From the perspective of the group selection model this sort of development is inconceivable. Societies composed of people with 1,000-year life spans will fail to benefit from generational change and become developmentally “frozen.”
They will suffer from perpetual resource constraints as their population levels skyrocket, leading to wars that will kill off many more people than in societies like ours, in which life expectancy is only 80 years.
Researchers have heatedly debated the legitimacy of the group selection model. Critics claim that thinking of societies or groups as autonomous individuals is fundamentally wrong. In this view, only individual animals (or human beings), along with their genetic compositions, can be conceived of as individuals subject to evolutionary pressures.
I find this approach too rigid. The “what counts as an individual” question is a philosophical one that has no single unequivocal answer. Consider examples such as ant colonies or corals, where what should be regarded as the “individual” level is far from immediately clear. In many cases an entire ant colony can be studied as an individual more usefully than if it is regarded as a collective formed from individual ants. The same reasoning applies to corals as a whole versus their constituent polyps.
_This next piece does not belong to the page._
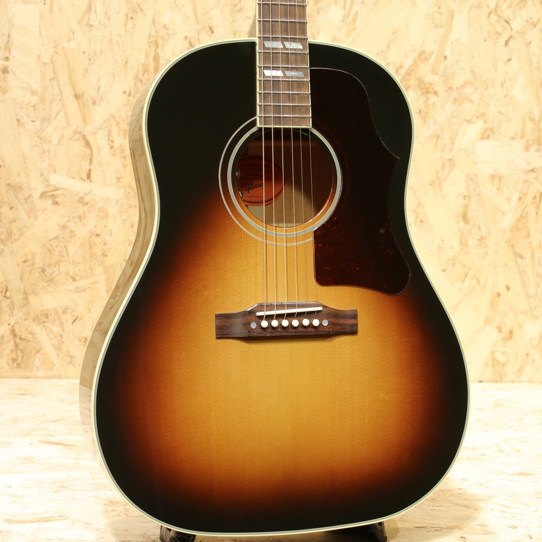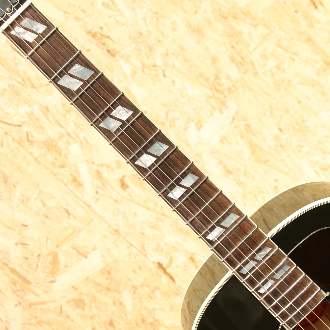 ギブソンラウンドショルダーの元祖である"Jumbo"から枝分かれしたAdvanced Jumboの後継となったモデルのうちの一つであり、現在ではもっともポピュラーなJ-45の上位機種という位置づけとなっているギター”サザンジャンボ”。本器は2020年よりリリースされたアコースティックオリジナルシリーズの”Southern Jumbo Original”。シトカスプルーストップ、マホガニーサイド&バック、マホガニーネック、ローズウッド指板&アッパーベリーブリッジ、グローバーオープンバックペグ、ヘッドクラウンインレイ、ダブルパラレログラム指板インレイ、ベッコウ柄ラージピックガード、スキャロップド・エックスブレイシング、L.R.Baggs Element VTCピックアップ標準装備。トラディショナルなスタイル、40年代中期から製造が始まりそのクラシカルな風合いを現代に蘇らせた本モデル。当初の仕様であるオープンバックペグ、サザンジャンボと言えばでよくイメージされる50年代後半からのラージピックガード、上位機種の証であるクラウンヘッドインレイやダブルパラレログラム指板インレイ。古き良きスタイルを踏襲して製造されています。ネック等の演奏面では薄く握りやすい現代的なスタイルのネックを採用。指板エッジを丸めて握り込みやすくしたグリップなどは以前から引き続き採用されており、握り込んだ演奏スタイルから細やかなフレージングでの演奏まで対応できるオールマイティさを獲得しています。ギブソンアコースティックの醍醐味といえるファットかつボリューミーなサウンド。爆発力を感じられるふくよかな響き、空気感を伴った抱擁感のあるトーン、J45とはやや異なった艶やかな響きを堪能することが出来ます。演奏スタイルを問うことはありませんが、やはり歌モノで活躍してくれることの多そうなサウンド。ステージングを支える相棒として申し分のない1本です。搭載のエレメントVTCピックアップは最新の1ボリューム/1トーン仕様。シンプルなコントローラーは操作に迷う事も少なく、ナチュラルでパワフルなサウンドを出力できます。サザンジャンボは著名アーティストの使用でも有名、ゴージャスでありながら気取っていないそのデザインからギブソンフラットトップの中でも確固たる人気を誇るモデル、是非お手元でご体感下さいませ。オリジナルハードケースが付属します。 Condition:NEW Top:Solid Sitka Spruce Side:Solid Mahogany Back:Solid Mahogany Neck:Mahogany Fingerboard:Rosewood Bridge:Rosewood Machine Head:Grover Open Fingerboard Inlay:Double Parallelogram(Pearl) Rosette:White&Black Binding:White&Black Pick Guard:Tortoise Color Pick up:L.R.Baggs/Element VTC Nut width:43.8mm Scale:628.65mm Case:Original Hard Case

In fact, one can think of a single human being as a colony composed of the individual cells in his or her body. This approach is increasingly being adopted in medical studies. There are articles in scientific journals analyzing competition taking place between cells in living creatures using game theoretical models that have successfully explained various pathological phenomena, including cancerous growths.
The subject of altruism is one of the more perturbing questions being studied by social scientists (including economists) and biologists. The kin selection model can explain why an individual might sacrifice himself for the sake of a family relation (such as a sibling or an offspring). Altruism of this sort can survive and spread in a population because the survival of family relations is in effect the survival of genes, given that family members share a similar genetic pool. The survival of genes is equivalent to the survival of behavioral characteristics.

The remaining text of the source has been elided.